> WORK INSTRUCTIONS: Take the lines below from the one with "Pain nature bio" through the one with "Our tradition was" and print only them, exactly. Don't print the pictures.

> DATA LISTING:
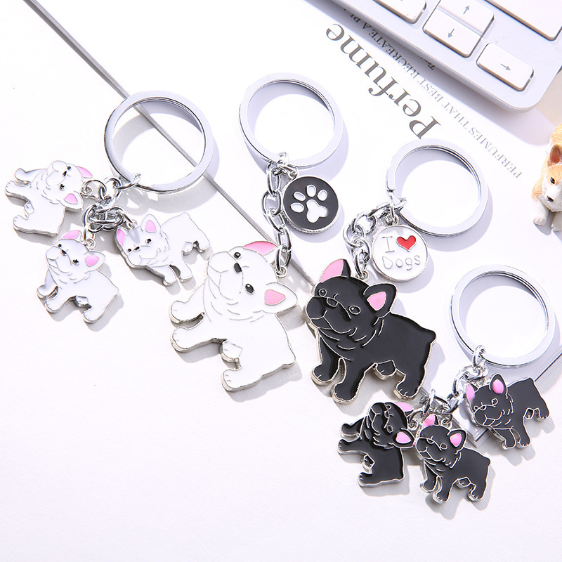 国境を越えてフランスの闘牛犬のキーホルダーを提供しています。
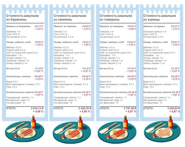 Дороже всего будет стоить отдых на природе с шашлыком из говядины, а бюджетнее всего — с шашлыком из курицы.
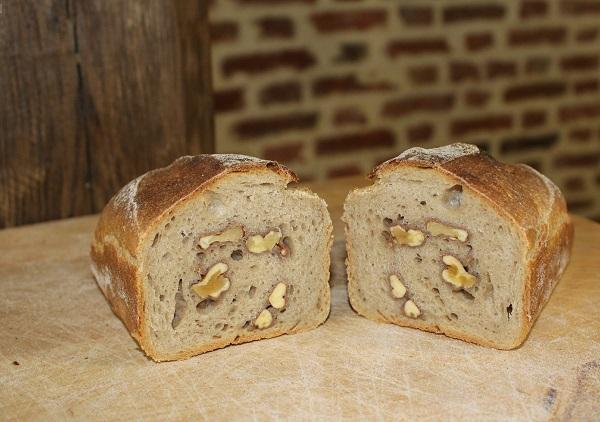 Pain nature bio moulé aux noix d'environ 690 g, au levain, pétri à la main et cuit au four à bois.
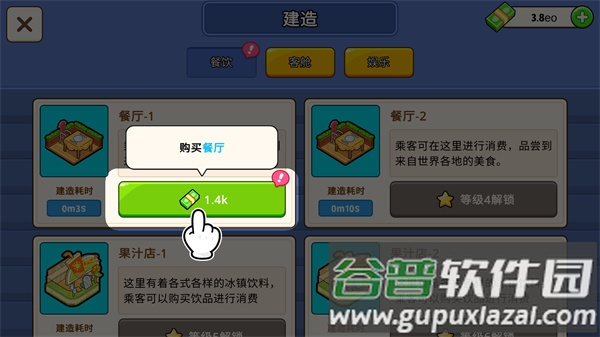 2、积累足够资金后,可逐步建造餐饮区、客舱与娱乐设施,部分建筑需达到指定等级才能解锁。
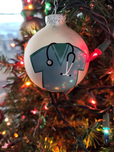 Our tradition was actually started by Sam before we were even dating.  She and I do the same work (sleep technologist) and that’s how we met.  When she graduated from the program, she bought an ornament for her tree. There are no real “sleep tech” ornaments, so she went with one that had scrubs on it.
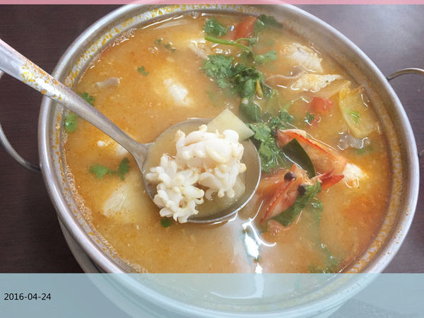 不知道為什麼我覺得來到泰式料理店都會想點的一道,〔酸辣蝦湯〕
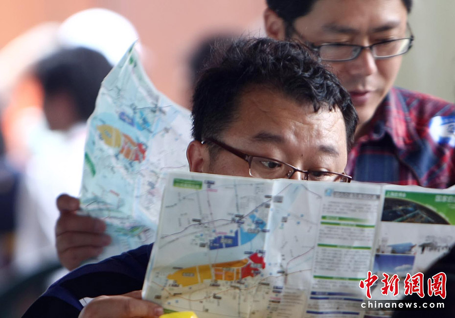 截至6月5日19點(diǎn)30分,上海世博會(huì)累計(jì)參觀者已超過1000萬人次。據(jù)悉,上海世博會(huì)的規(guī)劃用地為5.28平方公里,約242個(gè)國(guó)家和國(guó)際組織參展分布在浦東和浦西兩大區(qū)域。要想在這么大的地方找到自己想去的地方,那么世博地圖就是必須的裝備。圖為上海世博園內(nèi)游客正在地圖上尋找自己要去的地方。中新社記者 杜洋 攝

--

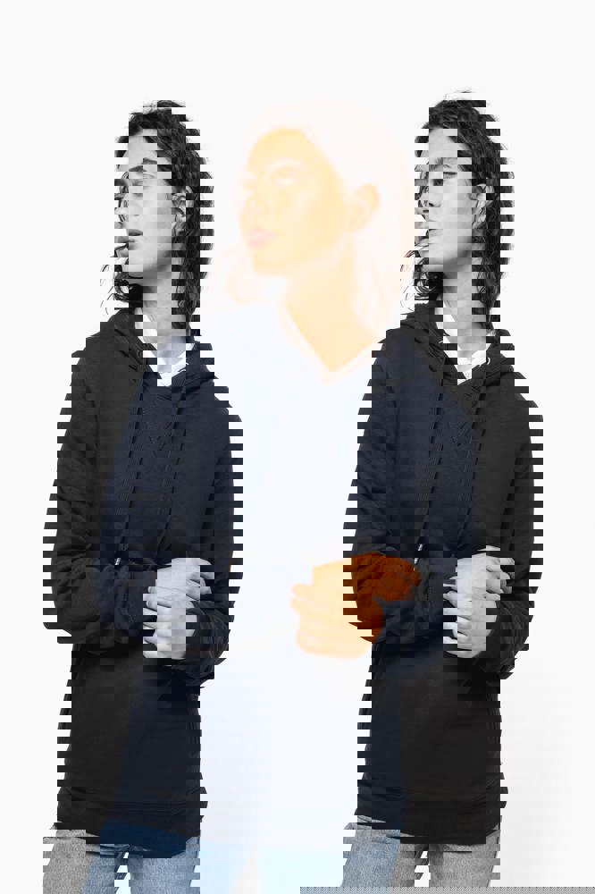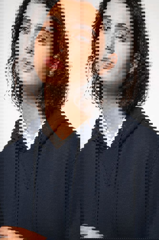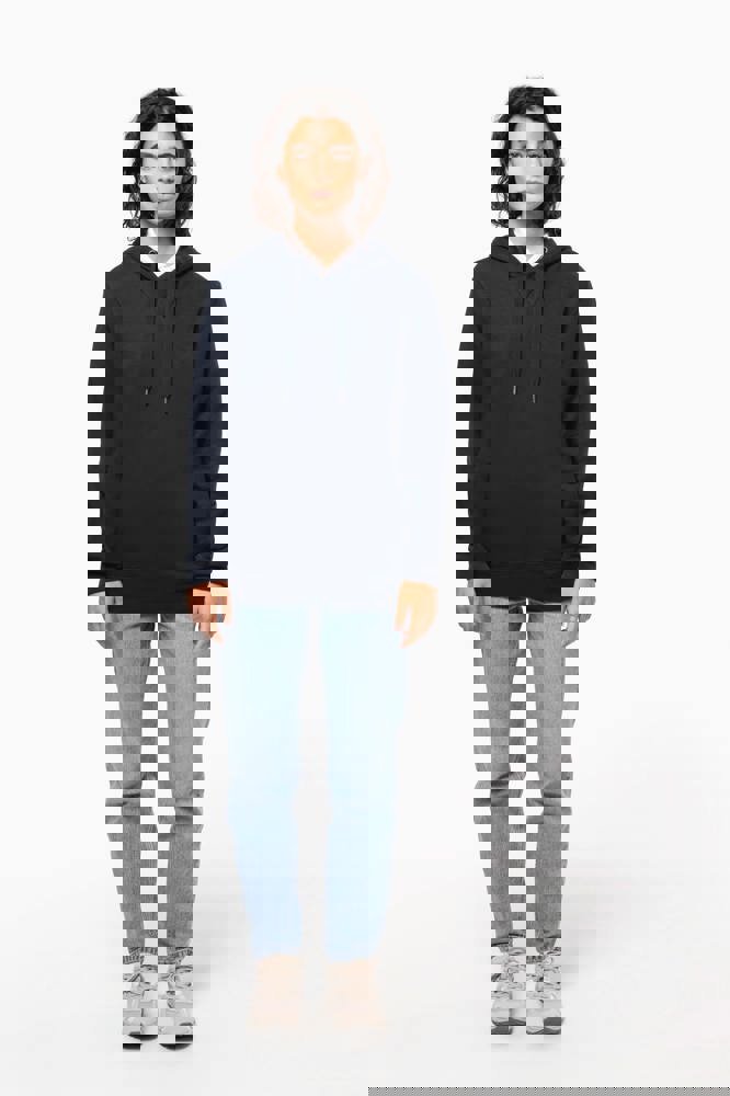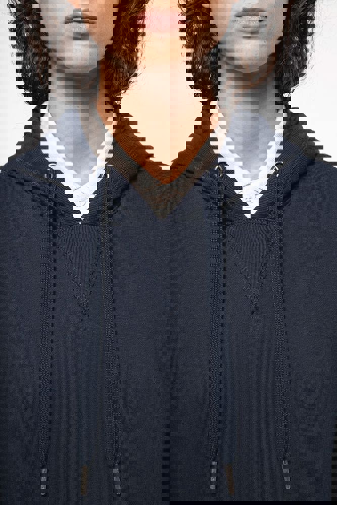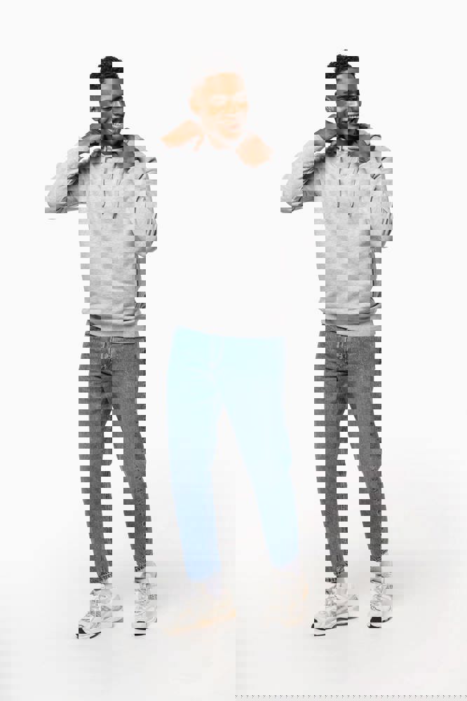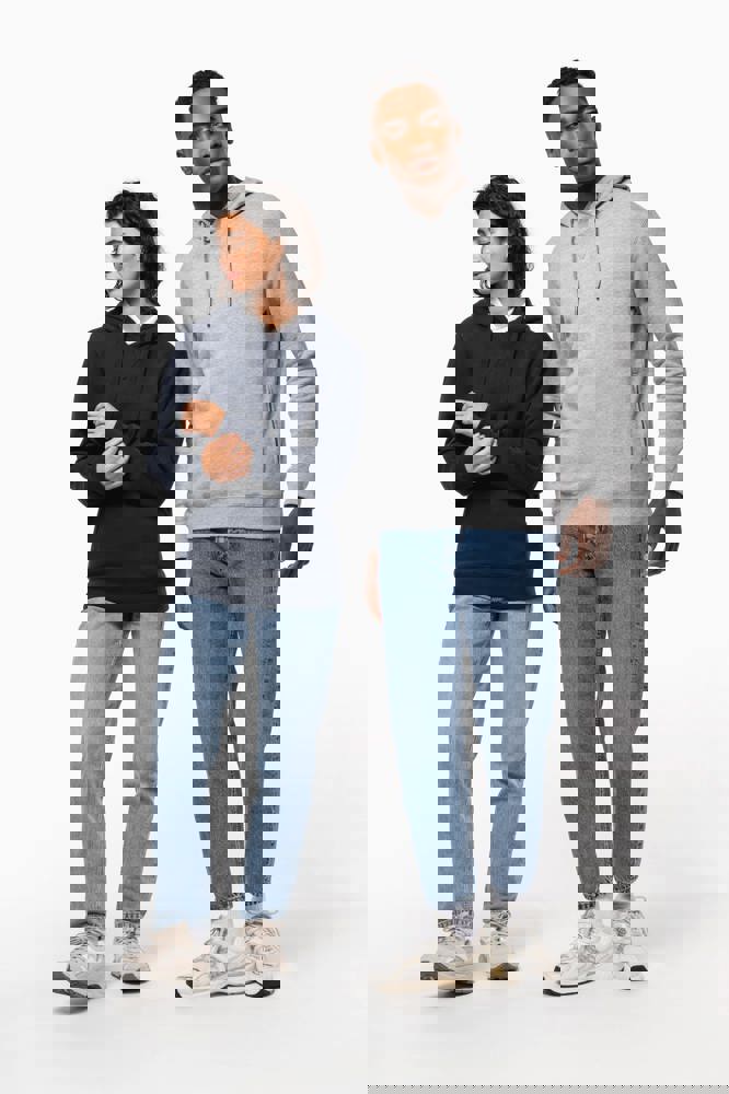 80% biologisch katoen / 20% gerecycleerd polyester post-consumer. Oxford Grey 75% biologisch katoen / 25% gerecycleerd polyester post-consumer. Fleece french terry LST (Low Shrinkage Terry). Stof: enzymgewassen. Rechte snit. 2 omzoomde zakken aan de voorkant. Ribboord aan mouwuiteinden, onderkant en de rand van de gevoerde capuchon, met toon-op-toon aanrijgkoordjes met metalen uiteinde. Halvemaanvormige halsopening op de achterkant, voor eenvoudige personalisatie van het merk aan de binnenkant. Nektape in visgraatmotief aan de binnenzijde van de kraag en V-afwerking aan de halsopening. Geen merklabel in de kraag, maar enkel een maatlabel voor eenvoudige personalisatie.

> PROBLEM SOLUTION:
 Pain nature bio moulé aux noix d'environ 690 g, au levain, pétri à la main et cuit au four à bois.
 2、积累足够资金后,可逐步建造餐饮区、客舱与娱乐设施,部分建筑需达到指定等级才能解锁。
 Our tradition was actually started by Sam before we were even dating.  She and I do the same work (sleep technologist) and that’s how we met.  When she graduated from the program, she bought an ornament for her tree. There are no real “sleep tech” ornaments, so she went with one that had scrubs on it.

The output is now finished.